Bid to speed postings
Last updated 09:13 30/03/2011
GeoNet is exploring faster ways of posting earthquake details after the runaway success of its website since September.
Millions of hits on the site have been recorded after the magnitude- 7.1 quake on September 4.
From 4.35am that day until the end of the month there were 564 million hits. By yesterday morning, the number of post-September 4 hits had reached 1.2 billion.
Immediately after a large aftershock, the GNS Science and Earthquake Commission-funded GeoNet site can get up to 9000 page requests a second.

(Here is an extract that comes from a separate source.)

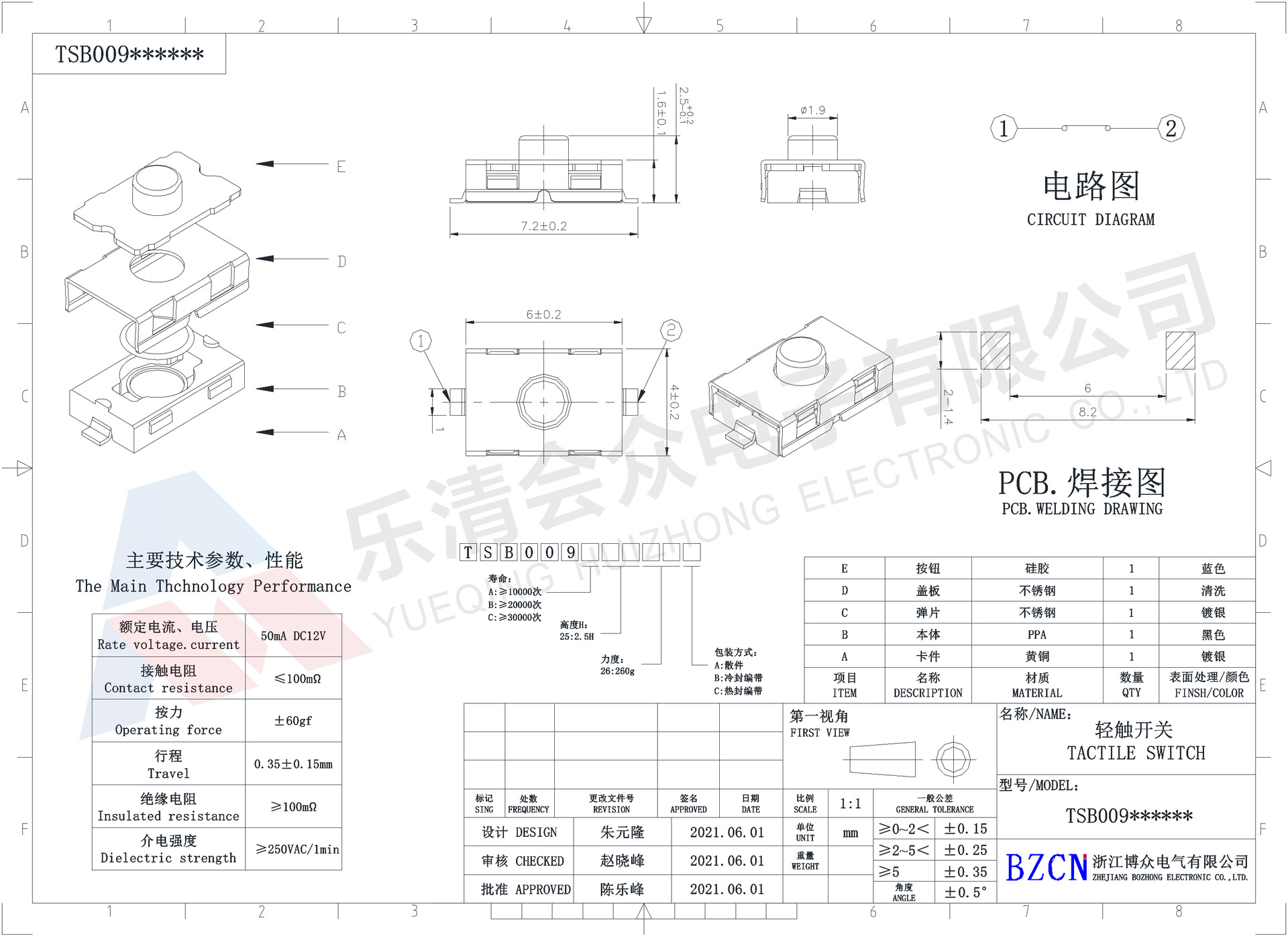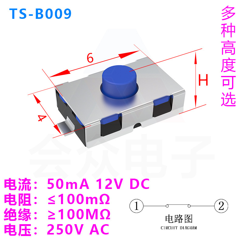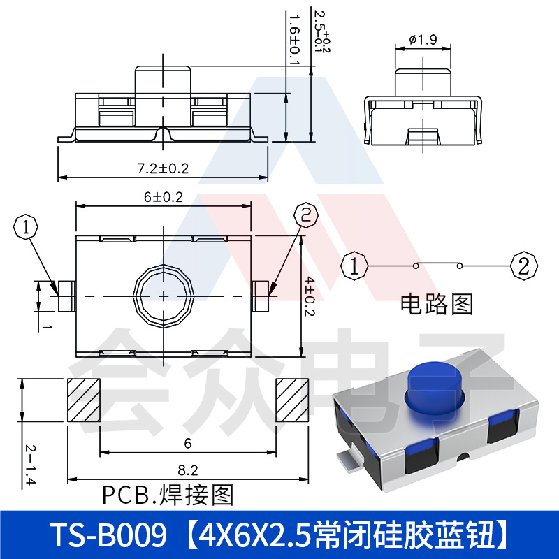 Тактовый переключатель TS-B009 нормально закрытого типа, силиконовая кнопка 3.8*6*2.5, водонепроницаемый, для поверхностного монтажа, двухконтактный переключатель 4*6*2.5

GeoNet now wants to speed up delivery of its quake information, aware that visitors and Cantabrians are seeking instant knowledge.
GeoNet project director Ken Gledhill said the "hurry up and tell us the magnitude" cry after a widely felt quake was a common complaint.
"Would you believe that we're frequently saying the same thing?" he said. "We will be as happy as anyone to stop shouting 'hurry up GeoNet'."
The analysis still involved a duty seismologist reviewing data and took 10 minutes at its fastest, but more typically 15 to 20 minutes, before being posted on the website or becoming available on social media sites.
Gledhill said GeoNet was considering replacing its quake-location system and was testing German technology developed since the Indonesian tsunami on Boxing Day 2004.
It was also considering the release of automatic, unreviewed quake locations within a matter of a few minutes, with a review being carried out later by a duty seismologist, he said.
"This is a big shift in thinking. New Zealand is a long, thin country with complicated geology and a lot of seismic noise from the ocean and the wind, which greatly increases the chances of automatic earthquake locations being incorrect," he said.